I was speaking at the Global Mining AntiCorruption conference in early October and this topic came up. My point was that I see two kinds of risk: theoretic and functional. Much of what a compliance department or Risk Manager does is to protect against theoretic visible day-to-day risk. Examples of these are creating process to protect against the Fraud Triangle, buying futures to protect against movement in currencies, having appropriate kinds and levels of insurance, staying current with IFRS to make accurate minimal disclosure, and basic due diligence on third party vendors.
This first level of risk management is absolutely necessary. To a large extent it’s “check the box” risk management, supervised largely by regulators with retrospective vision, the International Standards and Accounting Board, and class action lawyers.
Part of Cybersecurity falls in that area.
Cybersecurity was identified by PWC at its 2015 global conference in Monte Carlo as one of the key risks to businesses in 2016. The cybersecurity insurance market is estimated to be worth USD$7.5B by 2020. IIROC, the self-regulatory body for Canada’s brokerage firms, takes this so seriously that in December, 2015 it issued a standalone Cybersecurity Best Practices Policy aimed at small and medium sized firms.
There will always be hackers trying to breach the company’s castle walls. It’s a constantly evolving arms race between the people who own the data and the people who want it.
Some of those battles might be lost from time to time, but one part of cybersecurity where no company should ever lose is in its CASL compliance.
We have been banging on the CASL drum for about two years and will continue to raise the alarm. A failure to be in compliance has the potential to wipe out your company. It is that serious. See a recent article here that outlines why CASL should be seen as corporate ebola.
A quick recap of CASL’s basic tenet: before you send any electronic message (email, BBM, proximity based marketing) to an account (email, phone, Bluetooth), you MUST have that account holder’s prior consent. You cannot message to ask for consent to send a message – you must already have consent to send the message. The onus is on you as the sender to prove you had that prior consent.
There are other rules, limits and exceptions in this Canada-wide statute, but that’s the key principle to keep in mind.
Currently, the only consequence of a failure to comply with CASL is a prosecution by the Canadian Radio-television Telecommunications Commission (CRTC) and possible fines. The maximum penalty for a violation is $1,000,000 for an individual and $10,000,000 for a corporation, in addition to the legal costs, the cost of distraction and the public relations damage.
I’ve spoken with dozens of companies that have said, “Sure, but the CRTC will never prosecute us. We’re too small / invisible / almost in compliance.” All of that is probably true. With over 99% of companies NOT being in CASL compliance, the odds of a negative consequence to being in breach is minimal.
The problem is, that will change in July of 2017. That’s when the courts begin to share jurisdiction over CASL breaches.
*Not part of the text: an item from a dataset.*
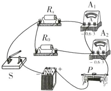 1. 课外兴趣小组要测量一个未知电阻 $ R_x $ 的阻值,现有下列器材:电源,两个相同的电流表 $ A_1 $、$ A_2 $,一个定值电阻 $ R_0 $(阻值为 $ 9 \Omega $),开关,导线若干. 兴趣小组的同学们开动脑筋,积极思考,设计出了一个测量 $ R_x $ 阻值的方法.

You and your company can then be sued for CASL breaches. Yes, in court, and supportable by class action litigation. And the onus will be on you as the sender to prove you were in compliance – the plaintiffs will not have to prove you weren’t in compliance.
That’s as scary as it sounds. And it is the law of Canada.
The law applies to any email received in Canada. So imagine a Florida-based company with a sales subsidiary in Calgary, sending emails that are offside CASL. Even an articling student can see the path is to bring class action litigation against the Calgary sub, and allege the Florida directors were negligent in failing to ensure good Risk Management protocols were in place. Bang! A breach of CASL in Canada comes home to Florida.
Anyone who emails for business reasons into Canada is at risk, regardless of where your home office or servers are located. CASL can follow you extra-jurisdictionally.
This is the new reality, a simple decision to make, based on obvious Risk Management principles. The massive risk clearly exists, so welcome to 2016: get into CASL compliance now and avoid being sued in 2017.
Make sure CASL compliance appears as a line item in this year’s budget. If it’s not there, ask your Risk Management team why not.